The fact is, as has been noted, such insertions cannot be detached from the
efforts of earlier artists to realize the ends of art in their own way.


Obviously, the notion of historicity should not be used here without great
caution. The expression “history of art” is highly misleading. Every appearance
of this way of proceeding consists in overthrowing the illusory operation
so as to return to the original end, which is to project a reality that is not that
of the object represented. In the history of art, on the other hand, by virtue
of the necessity that supports it, there is only substructure. The relation of
the artist to the time in which he appears is always a contradictory one. It is
against the current, in opposition to reigning norms – including, for example,
political norms, or indeed, systems of thought – that art attempts to operate
its miracle once more.


With the anamorphosis I have here, we find ourselves faced with a game
that may seem futile to you, when you think of the sophisticated operational
techniques required for the success of such a little artifact. And yet how can
one not be touched or even moved when faced with this thing in which the
image takes a rising and descending form? When faced with this sort of syringe
which, if I really let myself go, would seem to me to be a kind of apparatus
for taking a blood sample, a blood sample of the Grail? But don’t forget that
the blood of the Grail is precisely what is lacking.

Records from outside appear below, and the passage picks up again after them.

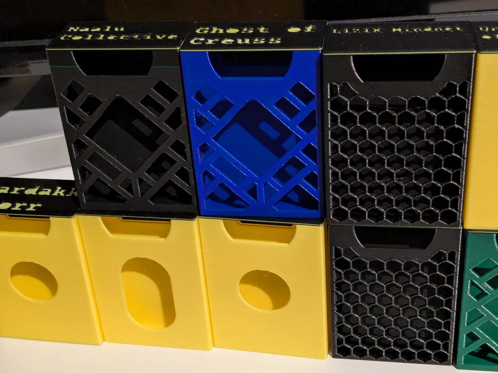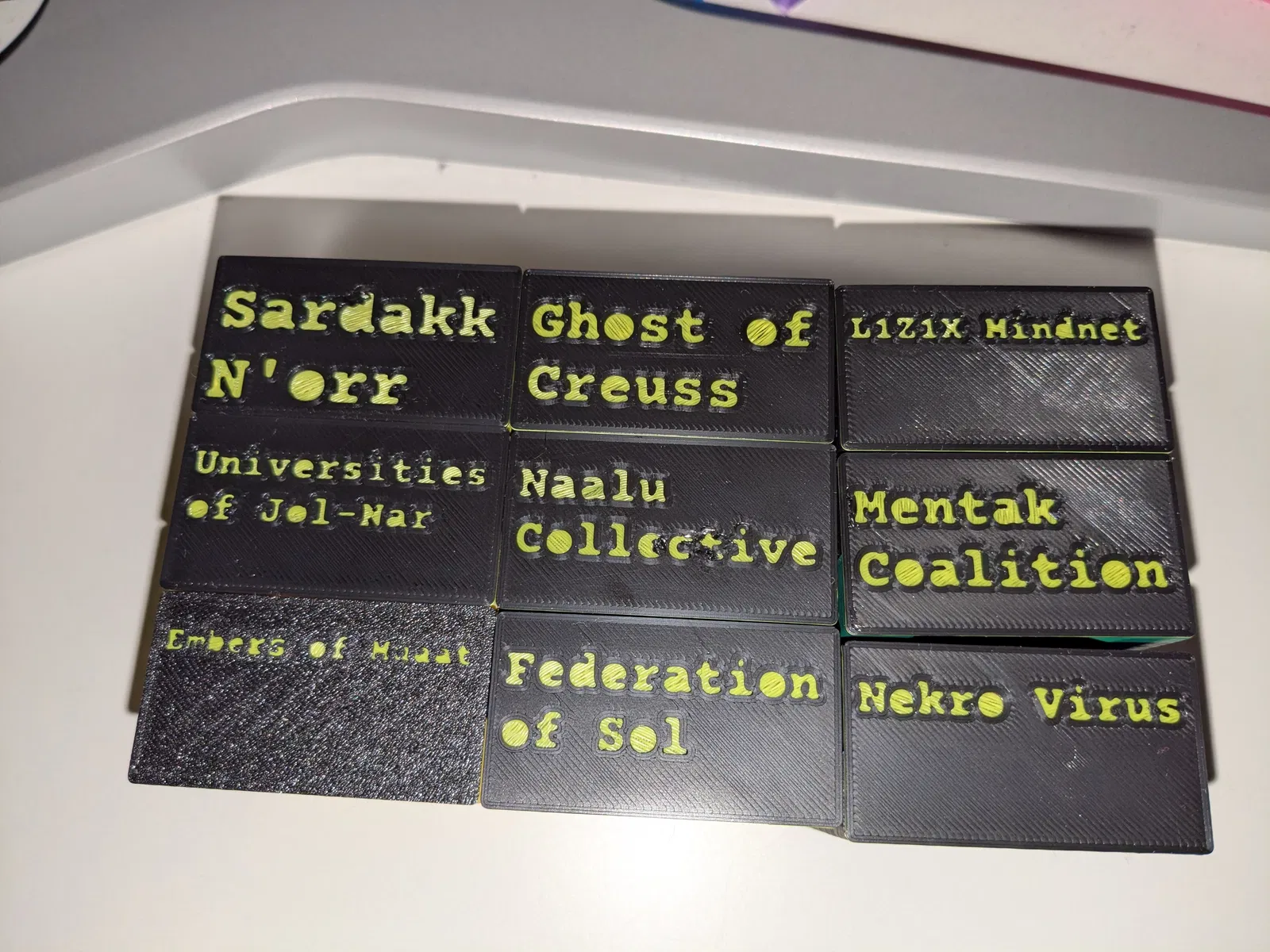 Hộp đựng faction cho Twilight Imperium 4, tối ưu cho nozzle 0.4: ít tốn filament hơn và có nắp snap-on tiện dụng, kèm tên faction. Tham khảo: 24g / ~3h với thiết lập của tác giả.
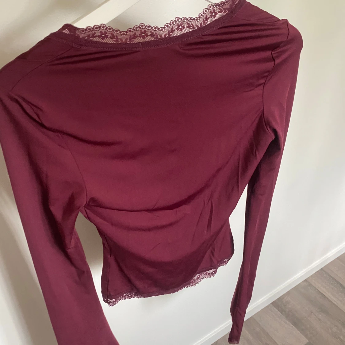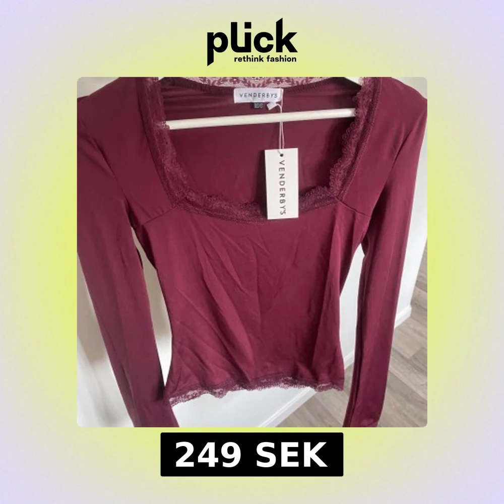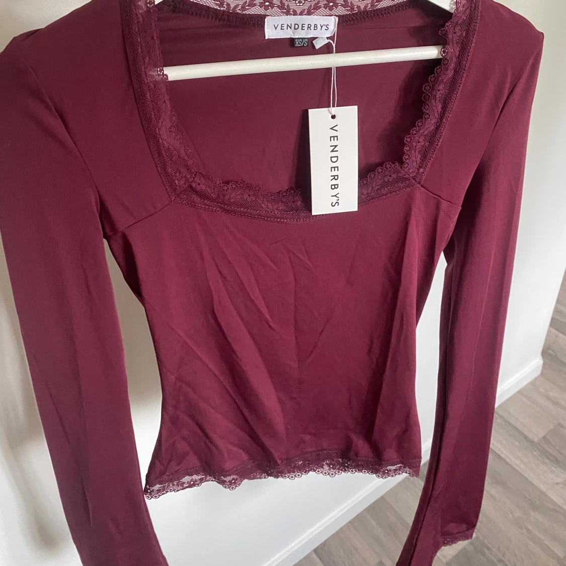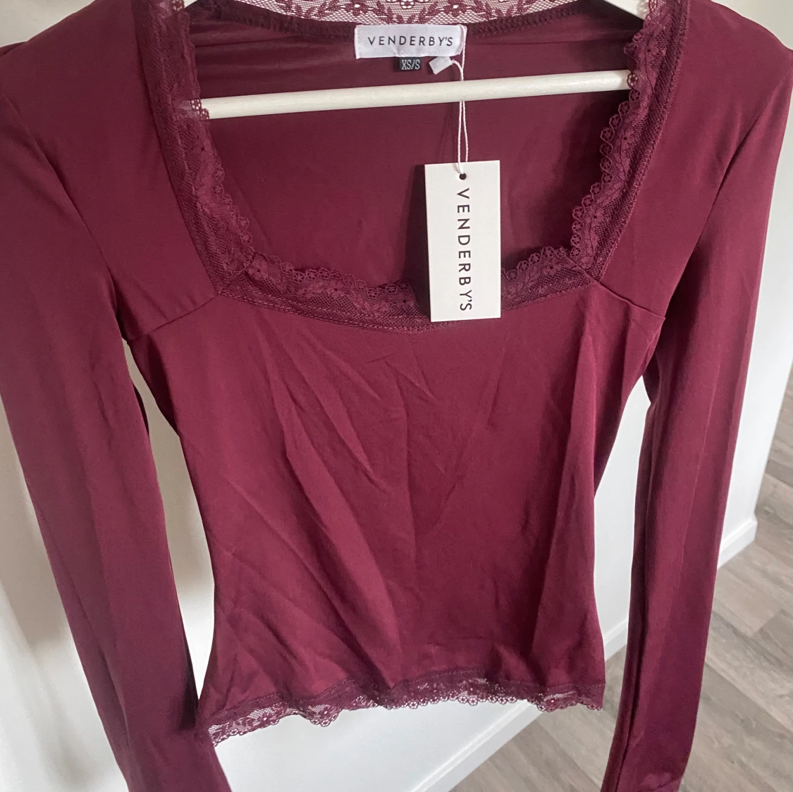 Supersnygg vinröd långärmad topp från Venderby’s med spetsdetaljer vid halsringning och nederkant. Figurnära passform och fyrkantig urringning ger en trendig vibe. Perfekt att styla med jeans eller kjol för en cool look.
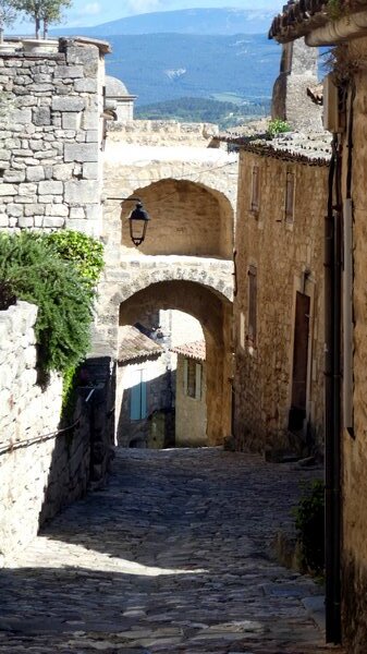 There is a staircase or path from the town to the castle, but we descended to the town by road, as far as that went. Far more than even Menerbes, this is a place of narrow cobbled passages. It really felt like some sort of mountain stronghold, which I guess it was.
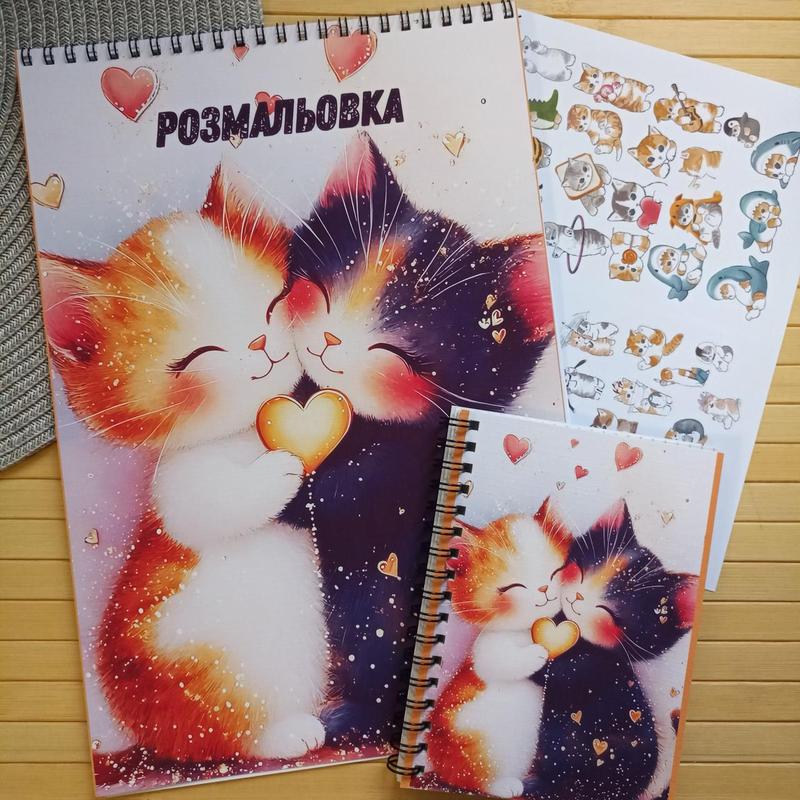 Розмальовка (формат А4) та блокнот на пружині Котики + стікерпак у подаунок

The argument I have been developing thus far in my lecture should be
interpreted only in a metaphorical way. I have only been following this line
of argument because I want to discuss today that form of sublimation which
appeared at a certain moment in the history of poetry, and which interests us
in an exemplary way in connection with something that Freudian thought
has placed at the center of our interest in the economy of the psyche, namely,
Eros and eroticism.


I just wanted to point it out to you at the beginning: you might almost
structure around this anamorphosis the ideas I am sketching out for you on
the subject of the ethics of psychoanalysis. It is something that is wholly
founded on the forbidden reference that Freud encountered at the terminal
point of what in his thought one might call the Oedipus myth.